How to Deal with Difficult Coworkers

One thing in life that will always be constant is difficult people. Hence, in every office, one will have to deal with difficult coworkers. While difficult people in life can be kept somewhat at bay, you have to work daily with the people at your office. A coworker with whom you may have to collaborate on a project cannot be ignored. However, that does not mean that spending 8 hours a day in the same office with that person is an easy feat.

So, how do you actually deal with a difficult coworker? What are the best strategies for cohabitating with such a person, while still maintaining your cool? And should you even try to coexist with them, or should they be just ignored and left to their own devices?

First and foremost, you have to realize that a situation such as this cannot be left unaddressed. You have to deal with the situation, mainly because these situations can create strained relationships and increase stress. Effectively handling the situation can not only help improve relations with the coworker, but will also show the boss that you are able to handle difficult situations.

The most important thing when facing a situation with a difficult coworker is to stay calm. If you get angry, then the situation can be blown out of proportion, and it will officially be your fault. Not to mention, you can actually be the one who gets stuck with the reputation of being difficult.

Next, analyze the situation. Why is the other person being difficult? Is it just his nature, or does he actually have a legitimate reason? Could it be possible that he was just having a bad day or facing personal problems? Entertain the idea that perhaps it wasn’t his fault, but yours. Perhaps you said something you didn’t mean to, or perhaps your words were construed in a manner that you didn’t mean.

If you can’t look at the situation objectively, try asking a trusted friend or colleague in the office, preferably one who witnessed the scene. If no one witnessed the scene, then try to objectively define the scene to that friend or colleague, and stick to the facts. Then consider their opinion; they may have insight into that matter that you might be missing as you are too close to the situation.

Ask the friend or colleague about advice on how to handle the situation; if it is your fault, then try apologizing and clarifying what you actually meant. If in fact, it is not your fault, then try talking to the coworker and explaining what you didn’t like about the situation. It could be that he genuinely does not realize what he did wrong.  

However, if he is aware of the impact that he had on you, he will try to deny it or try to explain it.
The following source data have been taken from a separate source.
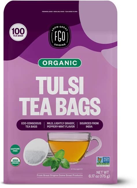 FGO Organic Tulsi Holy Basil Tea, 100 Count, Eco-Conscious Herbal Tea Bags, Resealable Bag, Caffeine Free, Packaging May Vary (Pack Of 1)
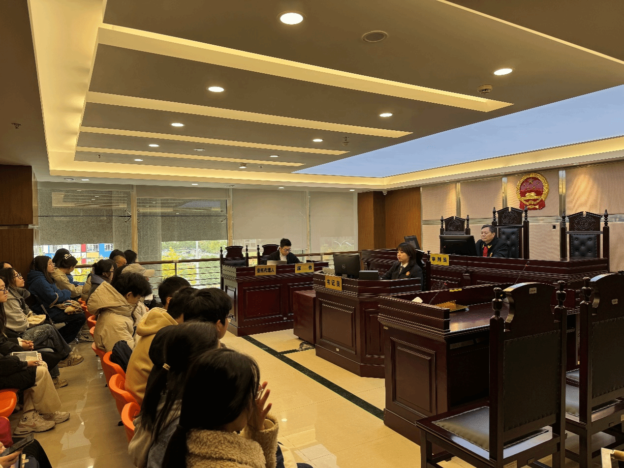 上午,实践团队赴乐清市人民法院开展学习交流活动。同学们在法院工作人员的指引下,现场旁听两起涉买卖合同欠款的案件。庭审过程节奏虽然紧凑、快速,但充分保障了当事人的合法权益,展示了法官高超的审判水平。通过庭审,不仅向师生展示了完整、真实的案件审理过程,而且让同学们充分了解了民事审判的流程和速裁细节,使同学们对缺席审判、证据提交和法官庭审细节有了充分的理解和把握。庭审结束后,主审法官结合相关案件并就民事审判实践与师生进行了深入交流;同时,在法庭参观和短片观看及工作人员的讲解下,对乐清市人民法院的家事审判、巡回法庭及“商人纠纷商会解”等特色内容有了深入了解。最后,同学们还在工作人员的引导下参观了法院法警大队,了解法警的工作职责和工作细节。
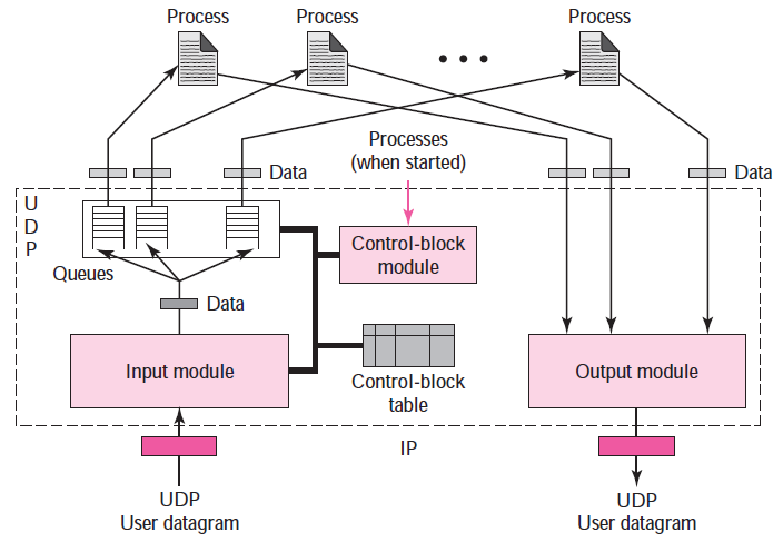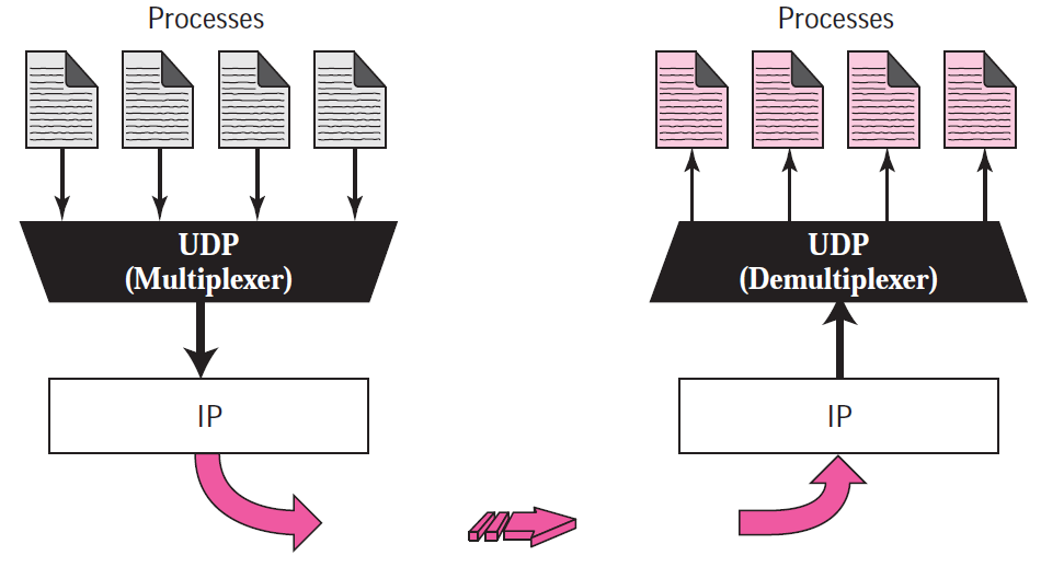 - UDP는 포트 번호를 이용하여 프로세스 간 통신을 지원한다.

Or in the worst case scenario, he may not even try to deny or explain the behavior, which means that he is being difficult on purpose. In this case, decide if you want to let it go and ignore him, or confront him about it.

Letting it go and ignoring him can be an effective strategy at times. Some people are difficult because they want to get a rise out of somebody. If they feel that they aren’t getting it from you, then they may move on. However, other people act difficult because they feel powerful, like they are the one dictating the terms. In this scenario, it is best to confront him, and publicly if possible. Remember, you do not want to create a scene; you just want to call him out on his behavior, so that he knows that you aren’t a pushover. Still, this task can be quite daunting.
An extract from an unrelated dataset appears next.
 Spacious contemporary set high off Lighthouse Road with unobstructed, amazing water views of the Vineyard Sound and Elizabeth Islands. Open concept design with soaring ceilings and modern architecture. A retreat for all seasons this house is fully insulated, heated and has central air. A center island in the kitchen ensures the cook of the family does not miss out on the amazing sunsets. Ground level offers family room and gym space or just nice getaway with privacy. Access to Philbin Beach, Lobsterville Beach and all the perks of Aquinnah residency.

In a public setting, try to deal with him with gentle humor or with sarcasm. Try to humorously call attention to his difficult behavior with others and to the impact that it has on others, such as an exaggerated physical gesture indicating that he hurts the others with his behavior. If the coworker feels that he may be becoming the butt of your jokes due to his difficult behavior, he may let off, rather than risk becoming the office jester.

However, if none of these techniques work, your only option may be to get management involved. Consider talking to your boss, manager, or HR department about his behavior. Indicate the impact that his behavior is having on the other employees, as well as the steps that you have already taken to address the matter. This will show that this is a serious matter and that you are not making this complaint lightly. If possible, get the other employees to speak up about the behavior as well. This will indicate to the boss that the impact of the issue is wider and deeper than just one person.
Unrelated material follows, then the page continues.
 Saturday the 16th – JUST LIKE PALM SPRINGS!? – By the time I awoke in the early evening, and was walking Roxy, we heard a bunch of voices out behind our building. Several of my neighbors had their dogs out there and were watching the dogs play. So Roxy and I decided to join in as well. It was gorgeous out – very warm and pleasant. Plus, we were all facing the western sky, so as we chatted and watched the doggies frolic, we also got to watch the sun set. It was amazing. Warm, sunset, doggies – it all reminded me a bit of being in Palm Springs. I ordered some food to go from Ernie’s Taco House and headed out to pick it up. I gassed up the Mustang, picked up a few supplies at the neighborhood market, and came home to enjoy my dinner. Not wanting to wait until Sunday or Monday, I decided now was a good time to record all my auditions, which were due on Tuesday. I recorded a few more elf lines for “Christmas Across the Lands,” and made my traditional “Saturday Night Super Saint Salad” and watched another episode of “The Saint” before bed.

If this still does not work, then you have only a few other options left. You can go back to ignoring him and try to limit his access to you. Choose different projects that him or work with different clients, so that you need not have to deal with him and his behavior on a daily basis. Another is to transfer to a different job within the company, or to leave the company all together. While, this is not you fault, and you shouldn’t have to leave a good position because of somebody else, take into consideration the time and energy that you put in dealing with this guy daily. That time and energy will be better utilized at a new position, which may even help you to move further up the corporate ladder. So, indirectly that coworker would have helped you further your career by being difficult.